A new way to teach artificial intelligence (AI) to understand human line drawings, even for non-artists, has been developed by a team from the University of Surrey and Stanford University.
The new model approaches human-level performance in recognizing scene sketches.
Dr. Yulia Gryaditskaya, lecturer at Surrey's Center for Vision, Speech and Signal Processing (CVSSP) and Surrey Institute for People-Centred AI (PAI), said:
“Sketching is a powerful language of visual communication – sometimes even more expressive and flexible than spoken language.
“Developing tools to understand sketches is a step toward more powerful human-computer interaction and more efficient design workflows. For example, you can sketch something to retrieve or generate an image.”
People of all ages and backgrounds use drawings to explore and communicate new ideas. However, AI systems have historically had difficulty understanding sketches.
We need to teach AI how to understand images. Typically, this involves a labor-intensive process of collecting labels for every pixel in an image. The AI then learns from these labels.
Instead, the team taught the AI using a combination of sketches and written explanations. It learned how to group pixels and match them to one of the categories in the description.
As a result, AI demonstrated a much richer, more human-like understanding of these pictures than previous approaches. Kites, trees, giraffes, and other objects were correctly identified and labeled with 85% accuracy. This outperformed other models that relied on labeled pixels.
Not only can you identify objects in complex scenes, but you can also identify which pen strokes were used to depict each object. The new method works well for informal sketches made by non-artists, as well as drawings of objects for which they were not explicitly trained.
Professor Judith Fan, Assistant Professor of Psychology at Stanford University, said:
“Drawing and writing are among the most quintessentially human activities and have long been useful in capturing people’s observations and ideas.

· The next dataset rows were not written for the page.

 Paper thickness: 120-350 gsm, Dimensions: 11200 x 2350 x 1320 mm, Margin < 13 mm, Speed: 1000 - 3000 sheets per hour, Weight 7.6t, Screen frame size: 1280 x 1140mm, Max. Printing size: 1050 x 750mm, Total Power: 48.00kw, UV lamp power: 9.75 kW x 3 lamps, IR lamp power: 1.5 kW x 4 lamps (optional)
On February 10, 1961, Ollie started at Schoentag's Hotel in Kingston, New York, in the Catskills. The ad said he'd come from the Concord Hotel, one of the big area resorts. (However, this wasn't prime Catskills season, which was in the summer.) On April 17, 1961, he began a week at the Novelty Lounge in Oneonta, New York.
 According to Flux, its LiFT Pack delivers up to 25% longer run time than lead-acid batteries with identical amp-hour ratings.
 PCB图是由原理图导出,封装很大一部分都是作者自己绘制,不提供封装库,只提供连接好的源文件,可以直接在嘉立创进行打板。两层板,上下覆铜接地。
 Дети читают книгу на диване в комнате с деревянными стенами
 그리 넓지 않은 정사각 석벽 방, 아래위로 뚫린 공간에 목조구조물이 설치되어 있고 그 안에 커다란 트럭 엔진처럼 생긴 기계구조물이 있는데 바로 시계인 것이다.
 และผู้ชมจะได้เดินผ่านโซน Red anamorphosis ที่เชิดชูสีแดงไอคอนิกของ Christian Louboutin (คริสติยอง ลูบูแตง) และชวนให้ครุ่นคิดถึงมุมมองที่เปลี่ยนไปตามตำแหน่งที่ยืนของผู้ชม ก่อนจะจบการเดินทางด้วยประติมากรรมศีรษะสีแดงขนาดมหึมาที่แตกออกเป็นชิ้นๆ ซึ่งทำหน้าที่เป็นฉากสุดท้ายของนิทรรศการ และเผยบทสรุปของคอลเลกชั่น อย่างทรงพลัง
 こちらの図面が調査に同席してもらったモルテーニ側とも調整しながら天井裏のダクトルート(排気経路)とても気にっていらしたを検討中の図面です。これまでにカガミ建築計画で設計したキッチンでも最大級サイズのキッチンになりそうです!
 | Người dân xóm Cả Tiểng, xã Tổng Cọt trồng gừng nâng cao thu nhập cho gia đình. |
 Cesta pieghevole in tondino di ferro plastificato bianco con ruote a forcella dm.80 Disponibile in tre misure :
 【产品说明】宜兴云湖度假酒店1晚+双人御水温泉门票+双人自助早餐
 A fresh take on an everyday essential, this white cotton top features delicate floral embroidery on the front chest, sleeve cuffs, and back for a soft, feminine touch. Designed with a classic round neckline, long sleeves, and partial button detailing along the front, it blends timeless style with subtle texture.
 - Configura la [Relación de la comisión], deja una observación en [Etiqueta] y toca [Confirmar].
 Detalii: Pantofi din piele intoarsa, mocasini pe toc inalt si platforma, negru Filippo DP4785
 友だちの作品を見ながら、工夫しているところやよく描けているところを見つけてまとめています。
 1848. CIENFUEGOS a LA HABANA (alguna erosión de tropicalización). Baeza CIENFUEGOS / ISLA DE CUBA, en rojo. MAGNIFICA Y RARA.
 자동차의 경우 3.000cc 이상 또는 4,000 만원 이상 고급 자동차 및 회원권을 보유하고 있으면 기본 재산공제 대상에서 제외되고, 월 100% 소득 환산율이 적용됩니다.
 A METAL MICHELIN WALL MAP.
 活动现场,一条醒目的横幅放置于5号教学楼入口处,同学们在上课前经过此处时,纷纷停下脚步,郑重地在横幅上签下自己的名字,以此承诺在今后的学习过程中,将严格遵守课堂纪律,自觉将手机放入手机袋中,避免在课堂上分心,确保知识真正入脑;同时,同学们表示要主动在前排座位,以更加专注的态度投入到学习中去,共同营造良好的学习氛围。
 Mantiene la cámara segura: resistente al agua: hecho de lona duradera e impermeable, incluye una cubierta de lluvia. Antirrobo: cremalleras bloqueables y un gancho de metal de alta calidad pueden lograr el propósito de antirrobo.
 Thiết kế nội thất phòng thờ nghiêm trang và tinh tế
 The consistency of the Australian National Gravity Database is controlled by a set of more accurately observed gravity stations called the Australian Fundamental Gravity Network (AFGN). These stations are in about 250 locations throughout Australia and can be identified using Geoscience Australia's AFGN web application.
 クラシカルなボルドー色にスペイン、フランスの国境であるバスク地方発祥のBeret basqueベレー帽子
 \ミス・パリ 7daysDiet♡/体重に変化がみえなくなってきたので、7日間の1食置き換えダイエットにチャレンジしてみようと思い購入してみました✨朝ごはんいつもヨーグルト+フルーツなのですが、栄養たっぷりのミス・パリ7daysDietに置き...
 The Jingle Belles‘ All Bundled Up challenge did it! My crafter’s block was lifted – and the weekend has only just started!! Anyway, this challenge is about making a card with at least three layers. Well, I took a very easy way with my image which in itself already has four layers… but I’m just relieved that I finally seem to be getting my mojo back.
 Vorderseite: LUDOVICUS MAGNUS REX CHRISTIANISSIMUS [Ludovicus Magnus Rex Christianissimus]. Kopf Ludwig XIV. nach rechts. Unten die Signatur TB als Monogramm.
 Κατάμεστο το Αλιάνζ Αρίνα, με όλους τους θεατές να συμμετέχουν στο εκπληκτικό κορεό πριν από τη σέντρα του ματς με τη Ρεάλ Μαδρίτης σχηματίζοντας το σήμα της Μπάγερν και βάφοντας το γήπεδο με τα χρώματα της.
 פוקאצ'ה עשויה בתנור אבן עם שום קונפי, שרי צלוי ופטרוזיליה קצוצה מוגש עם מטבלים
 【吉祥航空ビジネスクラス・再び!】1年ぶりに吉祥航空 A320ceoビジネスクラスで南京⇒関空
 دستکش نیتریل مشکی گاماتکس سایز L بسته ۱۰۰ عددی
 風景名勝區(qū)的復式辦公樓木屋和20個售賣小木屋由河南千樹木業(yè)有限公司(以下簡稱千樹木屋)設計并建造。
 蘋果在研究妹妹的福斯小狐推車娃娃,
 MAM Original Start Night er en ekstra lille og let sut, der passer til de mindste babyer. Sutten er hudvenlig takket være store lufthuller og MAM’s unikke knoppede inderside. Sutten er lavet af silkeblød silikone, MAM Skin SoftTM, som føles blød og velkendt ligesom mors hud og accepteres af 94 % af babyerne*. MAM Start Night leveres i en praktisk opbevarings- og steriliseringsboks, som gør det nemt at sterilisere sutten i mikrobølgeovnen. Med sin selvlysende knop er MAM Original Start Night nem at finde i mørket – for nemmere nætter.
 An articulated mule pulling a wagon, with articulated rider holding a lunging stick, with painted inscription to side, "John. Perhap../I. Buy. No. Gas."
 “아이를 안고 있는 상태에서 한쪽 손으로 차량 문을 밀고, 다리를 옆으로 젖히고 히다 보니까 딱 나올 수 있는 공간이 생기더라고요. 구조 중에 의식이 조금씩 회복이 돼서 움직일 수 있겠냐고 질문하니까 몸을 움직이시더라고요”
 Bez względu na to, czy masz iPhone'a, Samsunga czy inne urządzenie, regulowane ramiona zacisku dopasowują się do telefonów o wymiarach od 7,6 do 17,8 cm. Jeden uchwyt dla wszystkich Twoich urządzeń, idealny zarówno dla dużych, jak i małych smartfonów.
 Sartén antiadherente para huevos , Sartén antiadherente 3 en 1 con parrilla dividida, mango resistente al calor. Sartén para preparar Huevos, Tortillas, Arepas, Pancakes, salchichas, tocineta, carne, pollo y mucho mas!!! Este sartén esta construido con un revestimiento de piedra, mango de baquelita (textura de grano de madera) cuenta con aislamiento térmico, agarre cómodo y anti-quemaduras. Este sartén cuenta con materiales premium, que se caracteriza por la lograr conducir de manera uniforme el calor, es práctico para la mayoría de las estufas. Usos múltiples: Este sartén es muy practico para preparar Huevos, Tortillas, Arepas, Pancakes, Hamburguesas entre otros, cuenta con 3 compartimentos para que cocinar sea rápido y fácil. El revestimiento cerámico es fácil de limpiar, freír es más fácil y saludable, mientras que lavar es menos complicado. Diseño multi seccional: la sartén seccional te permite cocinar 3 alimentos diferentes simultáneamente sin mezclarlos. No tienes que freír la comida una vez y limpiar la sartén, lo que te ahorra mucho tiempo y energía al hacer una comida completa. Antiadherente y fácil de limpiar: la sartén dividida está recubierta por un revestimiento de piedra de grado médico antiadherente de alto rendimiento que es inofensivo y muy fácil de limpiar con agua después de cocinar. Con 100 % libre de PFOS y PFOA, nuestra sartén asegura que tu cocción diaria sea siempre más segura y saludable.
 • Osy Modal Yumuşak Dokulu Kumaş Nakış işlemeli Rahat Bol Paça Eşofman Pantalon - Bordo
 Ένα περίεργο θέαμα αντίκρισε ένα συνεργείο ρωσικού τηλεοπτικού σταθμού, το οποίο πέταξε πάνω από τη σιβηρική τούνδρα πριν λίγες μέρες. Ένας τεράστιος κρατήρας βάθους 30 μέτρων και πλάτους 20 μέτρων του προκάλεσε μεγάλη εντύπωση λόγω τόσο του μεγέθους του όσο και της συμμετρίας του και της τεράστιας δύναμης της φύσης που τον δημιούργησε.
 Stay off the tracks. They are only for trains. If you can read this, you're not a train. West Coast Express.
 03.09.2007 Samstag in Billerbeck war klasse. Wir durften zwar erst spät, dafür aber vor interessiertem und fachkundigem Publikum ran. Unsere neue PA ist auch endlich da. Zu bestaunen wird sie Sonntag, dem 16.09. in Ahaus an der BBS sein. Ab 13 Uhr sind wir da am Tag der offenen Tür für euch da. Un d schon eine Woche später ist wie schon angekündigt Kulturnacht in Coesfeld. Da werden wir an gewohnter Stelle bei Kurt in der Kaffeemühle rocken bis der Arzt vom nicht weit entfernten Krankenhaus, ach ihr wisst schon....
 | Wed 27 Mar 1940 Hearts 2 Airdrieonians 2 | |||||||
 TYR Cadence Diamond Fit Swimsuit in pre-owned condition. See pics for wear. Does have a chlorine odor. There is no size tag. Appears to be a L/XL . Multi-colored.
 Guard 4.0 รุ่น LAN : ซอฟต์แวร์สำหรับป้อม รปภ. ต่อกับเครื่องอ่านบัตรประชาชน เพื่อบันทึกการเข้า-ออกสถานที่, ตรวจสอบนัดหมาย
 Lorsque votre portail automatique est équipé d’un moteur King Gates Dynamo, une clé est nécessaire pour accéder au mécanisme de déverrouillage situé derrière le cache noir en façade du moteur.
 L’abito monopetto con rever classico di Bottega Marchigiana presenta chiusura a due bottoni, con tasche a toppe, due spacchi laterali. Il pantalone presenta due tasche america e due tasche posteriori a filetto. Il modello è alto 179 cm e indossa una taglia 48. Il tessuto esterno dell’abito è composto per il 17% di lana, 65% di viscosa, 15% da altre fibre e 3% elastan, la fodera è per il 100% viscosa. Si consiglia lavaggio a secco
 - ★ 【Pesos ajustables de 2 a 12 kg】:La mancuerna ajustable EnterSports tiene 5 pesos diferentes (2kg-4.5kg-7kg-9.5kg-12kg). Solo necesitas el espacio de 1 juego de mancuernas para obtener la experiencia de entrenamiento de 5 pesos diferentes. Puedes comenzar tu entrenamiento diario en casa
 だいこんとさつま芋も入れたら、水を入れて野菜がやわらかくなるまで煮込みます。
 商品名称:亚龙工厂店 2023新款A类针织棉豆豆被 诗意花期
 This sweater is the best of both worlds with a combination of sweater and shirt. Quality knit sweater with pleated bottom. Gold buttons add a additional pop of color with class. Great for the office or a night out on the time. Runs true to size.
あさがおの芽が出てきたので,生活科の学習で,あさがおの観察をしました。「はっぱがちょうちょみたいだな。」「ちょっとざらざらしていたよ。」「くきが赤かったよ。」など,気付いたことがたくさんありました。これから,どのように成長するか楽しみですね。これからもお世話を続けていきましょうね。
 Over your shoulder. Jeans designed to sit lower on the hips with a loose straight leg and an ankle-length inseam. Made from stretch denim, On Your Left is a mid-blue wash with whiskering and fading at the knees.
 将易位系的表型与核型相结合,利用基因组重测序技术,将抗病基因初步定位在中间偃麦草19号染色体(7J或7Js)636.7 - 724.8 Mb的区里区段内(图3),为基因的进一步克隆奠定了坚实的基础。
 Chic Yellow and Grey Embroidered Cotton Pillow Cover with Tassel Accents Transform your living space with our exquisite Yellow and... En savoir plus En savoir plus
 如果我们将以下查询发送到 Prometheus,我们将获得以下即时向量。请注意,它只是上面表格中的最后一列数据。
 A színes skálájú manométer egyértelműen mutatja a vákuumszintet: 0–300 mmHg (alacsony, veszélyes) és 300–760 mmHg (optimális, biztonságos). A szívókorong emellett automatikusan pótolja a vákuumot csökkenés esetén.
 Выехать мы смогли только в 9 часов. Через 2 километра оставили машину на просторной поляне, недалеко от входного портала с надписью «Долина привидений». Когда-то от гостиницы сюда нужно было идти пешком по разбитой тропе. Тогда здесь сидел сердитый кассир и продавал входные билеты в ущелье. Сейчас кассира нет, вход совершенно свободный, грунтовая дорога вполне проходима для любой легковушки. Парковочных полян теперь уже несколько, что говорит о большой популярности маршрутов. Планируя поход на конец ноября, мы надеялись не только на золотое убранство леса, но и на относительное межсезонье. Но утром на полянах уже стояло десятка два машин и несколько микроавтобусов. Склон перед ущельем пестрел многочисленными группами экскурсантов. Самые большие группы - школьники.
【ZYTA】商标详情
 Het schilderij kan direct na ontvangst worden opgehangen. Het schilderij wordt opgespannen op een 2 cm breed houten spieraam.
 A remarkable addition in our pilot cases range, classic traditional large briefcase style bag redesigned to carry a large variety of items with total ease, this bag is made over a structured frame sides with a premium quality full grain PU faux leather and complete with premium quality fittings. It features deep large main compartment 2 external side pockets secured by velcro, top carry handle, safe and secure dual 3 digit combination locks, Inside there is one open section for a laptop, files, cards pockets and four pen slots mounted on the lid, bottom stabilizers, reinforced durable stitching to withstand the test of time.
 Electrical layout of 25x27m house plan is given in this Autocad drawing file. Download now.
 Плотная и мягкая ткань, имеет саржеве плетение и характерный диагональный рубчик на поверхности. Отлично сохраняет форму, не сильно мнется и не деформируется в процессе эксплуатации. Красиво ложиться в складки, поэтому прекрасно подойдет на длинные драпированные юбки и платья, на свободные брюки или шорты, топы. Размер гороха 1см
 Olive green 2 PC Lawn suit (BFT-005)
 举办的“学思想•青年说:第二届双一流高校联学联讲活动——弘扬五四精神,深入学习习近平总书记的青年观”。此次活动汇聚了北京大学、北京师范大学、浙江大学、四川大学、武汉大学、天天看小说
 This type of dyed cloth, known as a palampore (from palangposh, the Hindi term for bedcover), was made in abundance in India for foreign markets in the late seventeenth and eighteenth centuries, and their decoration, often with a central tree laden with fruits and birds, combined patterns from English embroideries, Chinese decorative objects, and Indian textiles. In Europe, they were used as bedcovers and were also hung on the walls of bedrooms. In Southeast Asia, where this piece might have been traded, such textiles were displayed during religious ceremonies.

“This work represents exciting progress toward AI systems that understand the essence of the ideas people are trying to convey, regardless of whether they use photos or text.”
This research forms part of Surrey’s People-Centric AI Research Institute, specifically its SketchX programme. SketchX uses AI to try to understand how we see the world through the way we draw it.
Professor Song I-je, co-director of the Human-Centered AI Research Center and leader of SketchX, said:
“This research is a prime example of how AI can improve basic human activities like sketching. By understanding rough drawings with near-human accuracy, this technology has the potential to enhance people’s natural creativity, regardless of their artistic ability. “It has tremendous potential.”
The findings will be presented at the 2024 IEEE/CVF Conference on Computer Vision and Pattern Recognition. It will be held in Seattle from June 17-21, 2024.